Brief regering : Verlenging inburgeringstermijn en wijziging inburgeringsregelgeving
32 824 Integratiebeleid
25 295
Infectieziektenbestrijding
Nr. 304
BRIEF VAN DE MINISTER VAN SOCIALE ZAKEN EN WERKGELEGENHEID
Aan de Voorzitter van de Tweede Kamer der Staten-Generaal
Den Haag, 8 september 2020
De impact van Covid-19 is ook merkbaar bij inburgering waar als gevolg van het Covid-19
virus tot 1 juni 2020 geen klassikale inburgeringslessen konden worden gegeven door
taalscholen. In reactie hierop heb ik de regels voor afstandsonderwijs verruimd, zodat
de mogelijkheid bleef bestaan voor inburgeraars om de Nederlandse taal te leren. Sinds
1 juni is klassikale taalles weer mogelijk en per 15 juli is het toegestaan om een
mengvorm van afstandsleren en klassikaal leren aan inburgeraars aan te bieden.

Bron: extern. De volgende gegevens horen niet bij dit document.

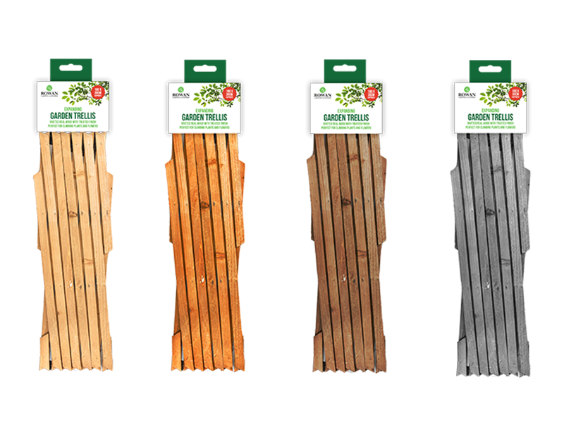 The expanding trellis measures approximately 180 x 30cm, constructed from riveted real wood with a treated finish. Each slat has four rivets.
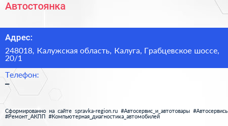 Автостоянка по адресу 248018, Калужская область, Калуга, Грабцевское шоссе, 20/1 в дальнейшем Организация, размещена в следующих категориях:
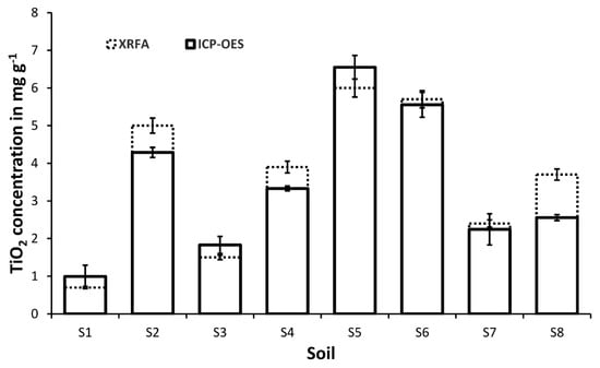 Ti-concentrations in soil measured using XRFA and ICP-OES (expressed here in terms of TiO2) were similar for all soils expected for S2, S4, and S8, where the values obtained using XRFA were slightly higher. The TiO2-concentration range was 0.07–0.7 mg g−1 (Figure 2), which is in concordance with values measured for other European topsoil’s and floodplain sediments [16]. Soils rich in clay S5 and S6 had the highest values; whereas the sandy soils S1, S3, and S8 and S7 (peat) had the lowest concentrations. The concentrations of further elements were determined using XRFA (Tables S1 and S2). Remarkable features were the high Ca-content of S2 (14.4 mg g−1) compared to the other soils (<4 mg g−1), the high Zr-content of S8 (614 µg g−1) compared to other soils (57–276 µg g−1), and the high Mn and S concentrations for S7 (0.42 and 1.28 mg g−1, respectively).
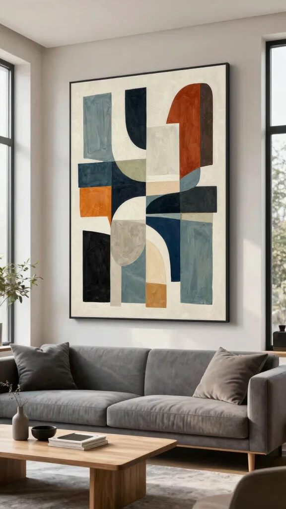 Large geometric art pieces can transform a simple wall into a captivating visual experience, acting as a focal point that draws admiration. Use one bold canvas for a minimalist vibe, or opt for a triptych of two or three pieces to create a stunning ensemble above a sofa or bed.
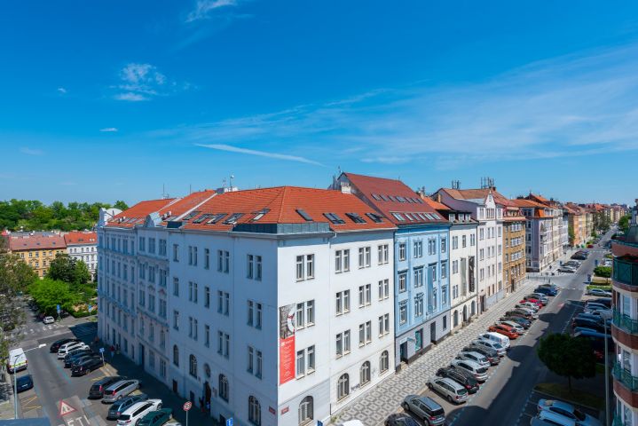 Oblíbenější horní část Žižkova, vyhledávaná díky specifické atmosféře čtvrti, všudypřítomné zeleni, s úžasnými panoramatickými výhledy na celou Prahu a např. dětským hřištěm na Parukářce, vysoce rozvinuté infrastruktuře, venkovním koupalištěm na Pražačce a velkému množství nákupních příležitostí, restaurací a hospůdek. U domu se nachází BUS zastávka „Ostromečská“ s linkami 133,136,207,908,909. Tram. zastávka „Biskupcova“ 5,8,9,11,14,19,25. Dojezdová vzdálenost 12 minut na Florenc metro C a B. Sportovní vyžití a nákupní možnosti jsou v lokalitě nepřeberné. Vinohradská nemocnice je vzdálena 11 min.

Ook waren de DUO examenlocaties tot 15 juni gesloten door de Covid-19 maatregelen
waardoor er drie maanden lang geen inburgeringsexamens konden worden afgelegd. Per
15 juni heeft DUO met veel inzet en flexibiliteit de toetslocaties heropend en extra
maatregelen getroffen om inburgeraars examens te kunnen laten doen zoals avond- en
weekendopenstellingen en het openen van een extra toetslocatie. Ondanks deze extra
maatregelen kunnen er door de maatregelen van het RIVM (met name de anderhalve metermaatregel)
nog steeds niet genoeg examens worden afgenomen om de achterstanden substantieel in
te lopen. De wachttijden zijn aanzienlijk, maar verschillen per locatie en per examenonderdeel.
Door het Covid-19 virus bevinden wij ons in een bijzondere situatie en dit vraagt
flexibiliteit van ons allemaal. Voor een inburgeraar kan dit betekenen dat hij of
zij langer moet wachten om een inburgeringsexamen af te kunnen leggen. Om te voorkomen
dat inburgeraars te lang moeten wachten op het afleggen van hun inburgeringsexamens,
heb ik DUO gevraagd naast de eerder genomen maatregelen op korte termijn extra examencapaciteit
te realiseren. Daarbij is het goed om te beseffen dat de mogelijkheden van DUO niet
onbeperkt zijn en dat DUO tegen zijn grenzen zal aanlopen.
Om te zorgen dat de inburgeraar niet de dupe wordt van de Covid-19 maatregelen, is
de inburgeringstermijn tot nu toe drie keer met twee maanden verlengd. Gelet op de
wachttijd voor het doen van het inburgeringsexamen is het nodig om de inburgeringstermijn
opnieuw te verlengen. Ik verleng de inburgeringstermijn met vier maanden zodat inburgeringsplichtigen
niet in de knel komen met hun inburgeringstermijn. De voorbereidingen voor deze nieuwe
termijnverlenging zijn door DUO in gang gezet en inburgeraars worden hier spoedig
over geïnformeerd.
Tevens maak ik van de gelegenheid gebruik om uw Kamer te informeren over enkele wijzigingen
in de inburgeringsregelgeving met ingang van 1 oktober 2020.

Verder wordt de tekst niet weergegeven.